Machine learning differs from traditional software, which works like a type of recipe. The software receives data, which is processed according to a clear description and produces the results, much like when someone collects ingredients and processes them by following a recipe, producing a cake. Instead of this, in machine learning the computer learns by example, enabling it to tackle problems that are too vague and complicated to be managed by step by step instructions. One example is interpreting a picture to identify the objects in it.
Mimics the brain
An artificial neural network processes information using the entire network structure. The inspiration initially came from the desire to understand how the brain works. In the 1940s, researchers had started to reason around the mathematics that underlies the brain’s network of neurons and synapses. Another piece of the puzzle came from psychology, thanks to neuroscientist Donald Hebb’s hypothesis about how learning occurs because connections between neurons are reinforced when they work together.
Later, these ideas were followed by attempts to recreate how the brain’s network functions by building artificial neural networks as computer simulations. In these, the brain’s neurons are mimicked by nodes that are given different values, and the synapses are represented by connections between the nodes that can be made stronger or weaker. Donald Hebb’s hypothesis is still used as one of the basic rules for updating artificial networks through a process called training.

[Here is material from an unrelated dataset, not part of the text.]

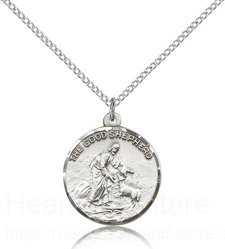 This Good Shepherd Medal is paired with an 18 inch sterling silver lite curb chain as pictured. All medals are gift boxed in a light blue velvet jewelry box ready for gift giving.

At the end of the 1960s, some discouraging theoretical results caused many researchers to suspect that these neural networks would never be of any real use. However, interest in artificial neural networks was reawakened in the 1980s, when several important ideas made an impact, including work by this year’s laureates.
Associative memory
Imagine that you are trying to remember a fairly unusual word that you rarely use, such as one for that sloping floor often found in cinemas and lecture halls. You search your memory. It’s something like ramp… perhaps rad…ial? No, not that. Rake, that’s it!
This process of searching through similar words to find the right one is reminiscent of the associative memory that the physicist John Hopfield discovered in 1982. The Hopfield network can store patterns and has a method for recreating them. When the network is given an incomplete or slightly distorted pattern, the method can find the stored pattern that is most similar.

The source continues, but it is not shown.